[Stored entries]
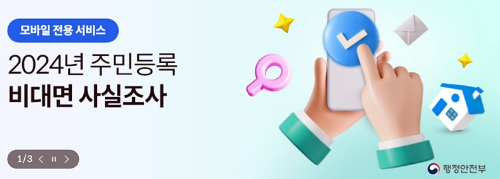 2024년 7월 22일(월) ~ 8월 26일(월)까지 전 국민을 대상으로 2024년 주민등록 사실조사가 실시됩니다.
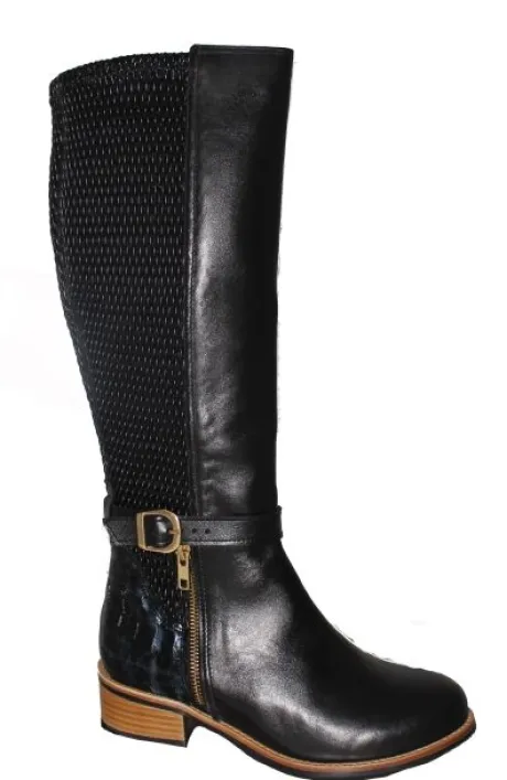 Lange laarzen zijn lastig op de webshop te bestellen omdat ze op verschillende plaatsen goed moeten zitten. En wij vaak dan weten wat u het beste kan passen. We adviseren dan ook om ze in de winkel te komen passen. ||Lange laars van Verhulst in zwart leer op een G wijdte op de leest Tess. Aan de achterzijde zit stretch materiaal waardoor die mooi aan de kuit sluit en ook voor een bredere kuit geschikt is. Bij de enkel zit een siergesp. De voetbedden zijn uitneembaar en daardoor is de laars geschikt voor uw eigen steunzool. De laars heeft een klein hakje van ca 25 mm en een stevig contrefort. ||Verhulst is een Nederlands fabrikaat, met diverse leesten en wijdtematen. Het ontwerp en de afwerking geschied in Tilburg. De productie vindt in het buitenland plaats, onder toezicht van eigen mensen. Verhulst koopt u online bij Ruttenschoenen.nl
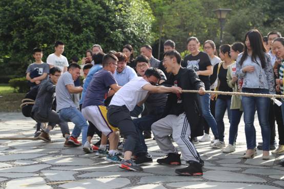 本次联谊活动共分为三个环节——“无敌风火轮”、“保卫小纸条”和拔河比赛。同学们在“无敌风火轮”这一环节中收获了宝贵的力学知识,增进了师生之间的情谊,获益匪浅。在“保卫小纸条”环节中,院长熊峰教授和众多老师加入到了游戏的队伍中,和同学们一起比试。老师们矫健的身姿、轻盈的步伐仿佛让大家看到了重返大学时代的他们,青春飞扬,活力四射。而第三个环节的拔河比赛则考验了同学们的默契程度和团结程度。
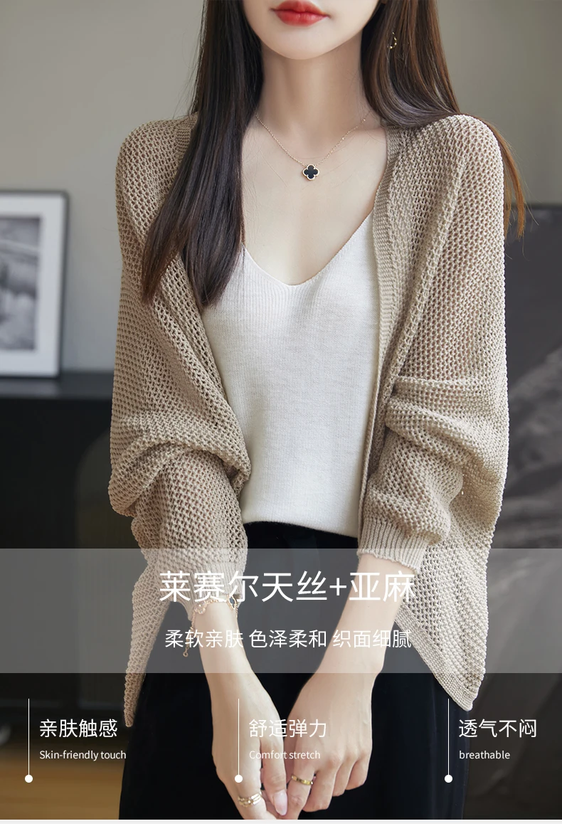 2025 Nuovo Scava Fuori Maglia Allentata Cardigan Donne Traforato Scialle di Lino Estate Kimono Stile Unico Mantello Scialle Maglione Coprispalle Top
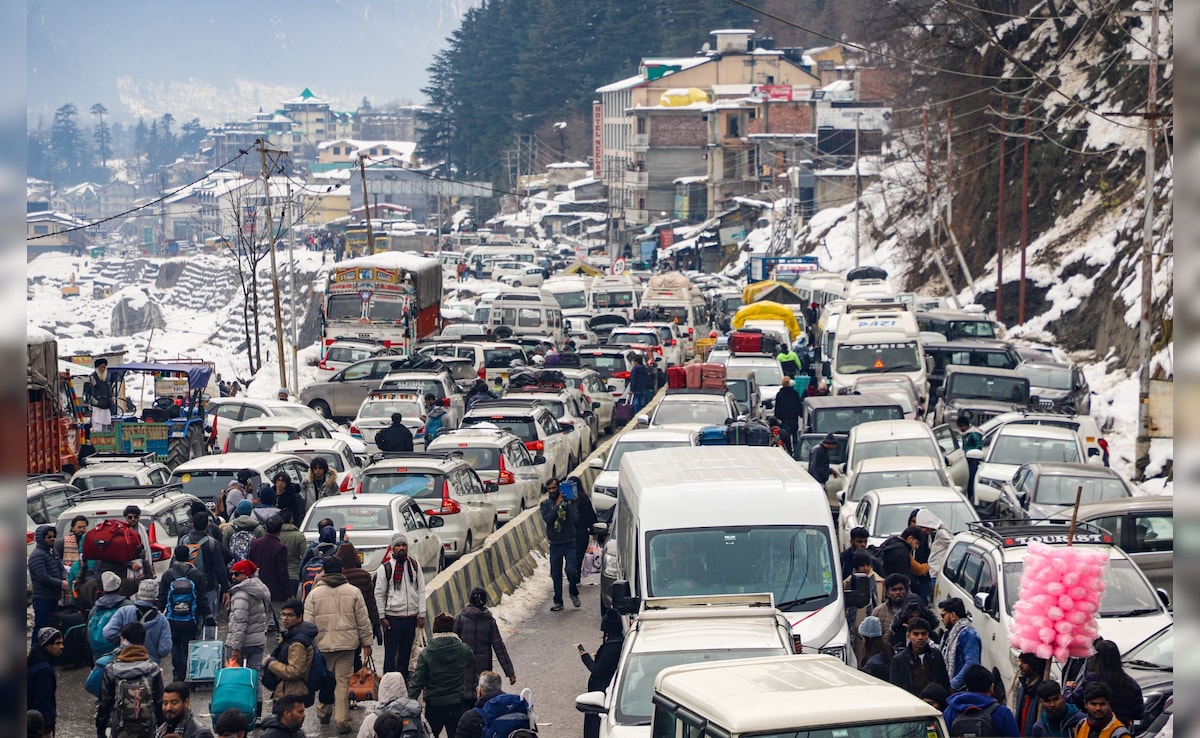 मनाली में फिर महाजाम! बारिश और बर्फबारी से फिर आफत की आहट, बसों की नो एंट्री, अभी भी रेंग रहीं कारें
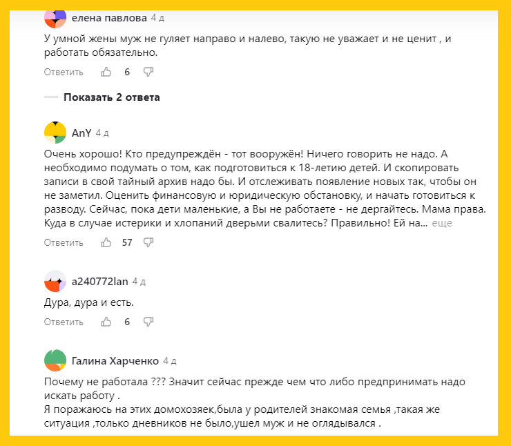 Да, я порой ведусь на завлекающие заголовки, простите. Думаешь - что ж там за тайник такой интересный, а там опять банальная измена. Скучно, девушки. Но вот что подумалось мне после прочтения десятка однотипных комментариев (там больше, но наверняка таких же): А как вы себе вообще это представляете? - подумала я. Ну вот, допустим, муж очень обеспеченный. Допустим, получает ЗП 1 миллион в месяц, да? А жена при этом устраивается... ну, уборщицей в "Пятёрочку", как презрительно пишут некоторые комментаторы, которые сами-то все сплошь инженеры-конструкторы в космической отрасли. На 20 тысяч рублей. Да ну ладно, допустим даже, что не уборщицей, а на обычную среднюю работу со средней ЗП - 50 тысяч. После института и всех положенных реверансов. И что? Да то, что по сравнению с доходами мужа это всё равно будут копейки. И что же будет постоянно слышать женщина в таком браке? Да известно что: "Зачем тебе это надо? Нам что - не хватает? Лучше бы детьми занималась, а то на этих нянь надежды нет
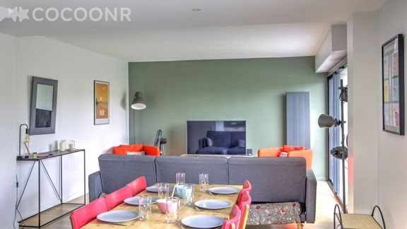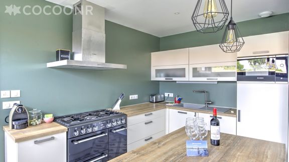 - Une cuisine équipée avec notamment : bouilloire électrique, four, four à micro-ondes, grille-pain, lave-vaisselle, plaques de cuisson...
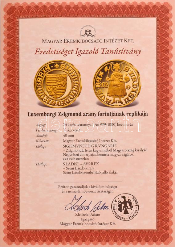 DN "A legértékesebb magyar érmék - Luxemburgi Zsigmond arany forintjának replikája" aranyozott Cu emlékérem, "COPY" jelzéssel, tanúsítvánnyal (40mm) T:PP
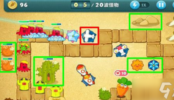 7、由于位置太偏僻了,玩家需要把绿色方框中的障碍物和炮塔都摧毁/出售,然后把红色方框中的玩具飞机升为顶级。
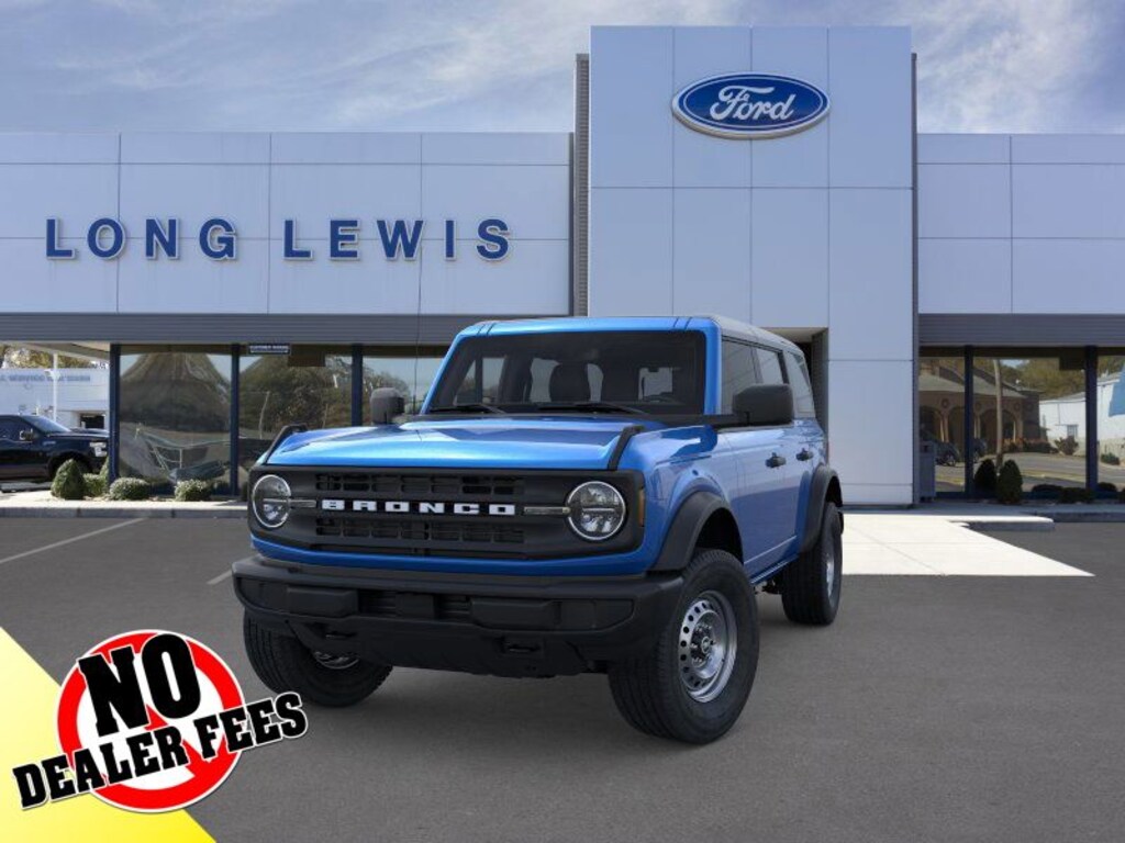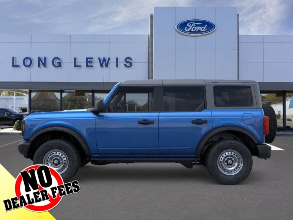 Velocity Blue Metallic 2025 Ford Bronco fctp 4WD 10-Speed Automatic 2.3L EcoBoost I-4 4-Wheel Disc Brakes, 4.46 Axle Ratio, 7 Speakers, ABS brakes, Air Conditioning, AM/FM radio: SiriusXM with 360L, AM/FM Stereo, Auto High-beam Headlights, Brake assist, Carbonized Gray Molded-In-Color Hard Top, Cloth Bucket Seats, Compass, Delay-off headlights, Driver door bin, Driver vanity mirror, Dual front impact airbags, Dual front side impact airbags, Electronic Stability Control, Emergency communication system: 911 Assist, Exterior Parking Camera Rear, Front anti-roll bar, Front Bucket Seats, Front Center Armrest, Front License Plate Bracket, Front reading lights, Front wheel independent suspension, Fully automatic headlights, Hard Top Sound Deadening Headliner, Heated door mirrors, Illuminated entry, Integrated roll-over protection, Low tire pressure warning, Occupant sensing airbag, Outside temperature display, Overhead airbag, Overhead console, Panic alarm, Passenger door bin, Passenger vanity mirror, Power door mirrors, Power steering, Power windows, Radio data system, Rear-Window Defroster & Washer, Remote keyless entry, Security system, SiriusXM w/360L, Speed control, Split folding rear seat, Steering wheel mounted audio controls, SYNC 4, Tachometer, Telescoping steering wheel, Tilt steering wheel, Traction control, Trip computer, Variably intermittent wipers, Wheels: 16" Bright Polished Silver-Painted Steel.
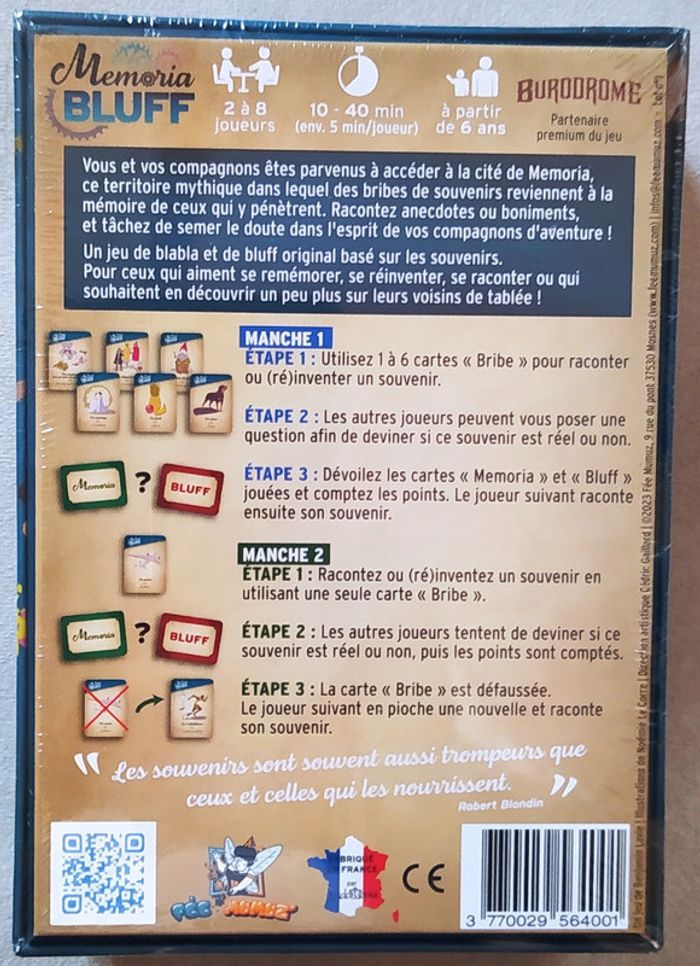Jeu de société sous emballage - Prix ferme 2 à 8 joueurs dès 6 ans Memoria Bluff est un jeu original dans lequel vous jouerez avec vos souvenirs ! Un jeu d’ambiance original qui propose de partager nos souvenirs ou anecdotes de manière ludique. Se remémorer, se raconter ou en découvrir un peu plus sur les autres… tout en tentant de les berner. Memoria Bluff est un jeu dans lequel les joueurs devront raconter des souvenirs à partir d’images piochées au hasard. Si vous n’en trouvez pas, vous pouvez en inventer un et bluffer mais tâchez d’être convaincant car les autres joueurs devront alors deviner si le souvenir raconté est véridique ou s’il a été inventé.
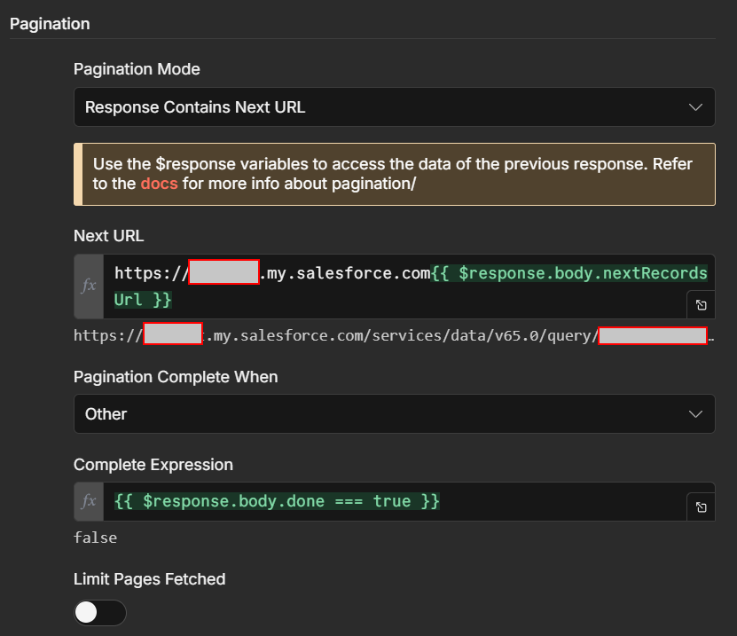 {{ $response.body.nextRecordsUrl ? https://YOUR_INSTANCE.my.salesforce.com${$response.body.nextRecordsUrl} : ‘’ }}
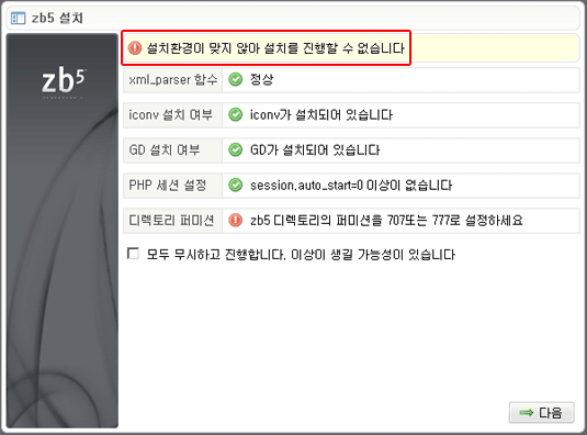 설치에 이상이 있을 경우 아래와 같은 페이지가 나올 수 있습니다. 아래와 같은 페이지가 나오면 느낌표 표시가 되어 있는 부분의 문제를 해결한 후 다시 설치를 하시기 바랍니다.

■ Your task: What's needed is an exact copy of every entry, free of pictures.

■ Response to the task:
 2024년 7월 22일(월) ~ 8월 26일(월)까지 전 국민을 대상으로 2024년 주민등록 사실조사가 실시됩니다.
 Lange laarzen zijn lastig op de webshop te bestellen omdat ze op verschillende plaatsen goed moeten zitten. En wij vaak dan weten wat u het beste kan passen. We adviseren dan ook om ze in de winkel te komen passen. ||Lange laars van Verhulst in zwart leer op een G wijdte op de leest Tess. Aan de achterzijde zit stretch materiaal waardoor die mooi aan de kuit sluit en ook voor een bredere kuit geschikt is. Bij de enkel zit een siergesp. De voetbedden zijn uitneembaar en daardoor is de laars geschikt voor uw eigen steunzool. De laars heeft een klein hakje van ca 25 mm en een stevig contrefort. ||Verhulst is een Nederlands fabrikaat, met diverse leesten en wijdtematen. Het ontwerp en de afwerking geschied in Tilburg. De productie vindt in het buitenland plaats, onder toezicht van eigen mensen. Verhulst koopt u online bij Ruttenschoenen.nl
 本次联谊活动共分为三个环节——“无敌风火轮”、“保卫小纸条”和拔河比赛。同学们在“无敌风火轮”这一环节中收获了宝贵的力学知识,增进了师生之间的情谊,获益匪浅。在“保卫小纸条”环节中,院长熊峰教授和众多老师加入到了游戏的队伍中,和同学们一起比试。老师们矫健的身姿、轻盈的步伐仿佛让大家看到了重返大学时代的他们,青春飞扬,活力四射。而第三个环节的拔河比赛则考验了同学们的默契程度和团结程度。
 2025 Nuovo Scava Fuori Maglia Allentata Cardigan Donne Traforato Scialle di Lino Estate Kimono Stile Unico Mantello Scialle Maglione Coprispalle Top
 मनाली में फिर महाजाम! बारिश और बर्फबारी से फिर आफत की आहट, बसों की नो एंट्री, अभी भी रेंग रहीं कारें
 Да, я порой ведусь на завлекающие заголовки, простите. Думаешь - что ж там за тайник такой интересный, а там опять банальная измена. Скучно, девушки. Но вот что подумалось мне после прочтения десятка однотипных комментариев (там больше, но наверняка таких же): А как вы себе вообще это представляете? - подумала я. Ну вот, допустим, муж очень обеспеченный. Допустим, получает ЗП 1 миллион в месяц, да? А жена при этом устраивается... ну, уборщицей в "Пятёрочку", как презрительно пишут некоторые комментаторы, которые сами-то все сплошь инженеры-конструкторы в космической отрасли. На 20 тысяч рублей. Да ну ладно, допустим даже, что не уборщицей, а на обычную среднюю работу со средней ЗП - 50 тысяч. После института и всех положенных реверансов. И что? Да то, что по сравнению с доходами мужа это всё равно будут копейки. И что же будет постоянно слышать женщина в таком браке? Да известно что: "Зачем тебе это надо? Нам что - не хватает? Лучше бы детьми занималась, а то на этих нянь надежды нет
 - Une cuisine équipée avec notamment : bouilloire électrique, four, four à micro-ondes, grille-pain, lave-vaisselle, plaques de cuisson...
 DN "A legértékesebb magyar érmék - Luxemburgi Zsigmond arany forintjának replikája" aranyozott Cu emlékérem, "COPY" jelzéssel, tanúsítvánnyal (40mm) T:PP
 7、由于位置太偏僻了,玩家需要把绿色方框中的障碍物和炮塔都摧毁/出售,然后把红色方框中的玩具飞机升为顶级。
 Velocity Blue Metallic 2025 Ford Bronco fctp 4WD 10-Speed Automatic 2.3L EcoBoost I-4 4-Wheel Disc Brakes, 4.46 Axle Ratio, 7 Speakers, ABS brakes, Air Conditioning, AM/FM radio: SiriusXM with 360L, AM/FM Stereo, Auto High-beam Headlights, Brake assist, Carbonized Gray Molded-In-Color Hard Top, Cloth Bucket Seats, Compass, Delay-off headlights, Driver door bin, Driver vanity mirror, Dual front impact airbags, Dual front side impact airbags, Electronic Stability Control, Emergency communication system: 911 Assist, Exterior Parking Camera Rear, Front anti-roll bar, Front Bucket Seats, Front Center Armrest, Front License Plate Bracket, Front reading lights, Front wheel independent suspension, Fully automatic headlights, Hard Top Sound Deadening Headliner, Heated door mirrors, Illuminated entry, Integrated roll-over protection, Low tire pressure warning, Occupant sensing airbag, Outside temperature display, Overhead airbag, Overhead console, Panic alarm, Passenger door bin, Passenger vanity mirror, Power door mirrors, Power steering, Power windows, Radio data system, Rear-Window Defroster & Washer, Remote keyless entry, Security system, SiriusXM w/360L, Speed control, Split folding rear seat, Steering wheel mounted audio controls, SYNC 4, Tachometer, Telescoping steering wheel, Tilt steering wheel, Traction control, Trip computer, Variably intermittent wipers, Wheels: 16" Bright Polished Silver-Painted Steel.
Jeu de société sous emballage - Prix ferme 2 à 8 joueurs dès 6 ans Memoria Bluff est un jeu original dans lequel vous jouerez avec vos souvenirs ! Un jeu d’ambiance original qui propose de partager nos souvenirs ou anecdotes de manière ludique. Se remémorer, se raconter ou en découvrir un peu plus sur les autres… tout en tentant de les berner. Memoria Bluff est un jeu dans lequel les joueurs devront raconter des souvenirs à partir d’images piochées au hasard. Si vous n’en trouvez pas, vous pouvez en inventer un et bluffer mais tâchez d’être convaincant car les autres joueurs devront alors deviner si le souvenir raconté est véridique ou s’il a été inventé.
 {{ $response.body.nextRecordsUrl ? https://YOUR_INSTANCE.my.salesforce.com${$response.body.nextRecordsUrl} : ‘’ }}
 설치에 이상이 있을 경우 아래와 같은 페이지가 나올 수 있습니다. 아래와 같은 페이지가 나오면 느낌표 표시가 되어 있는 부분의 문제를 해결한 후 다시 설치를 하시기 바랍니다.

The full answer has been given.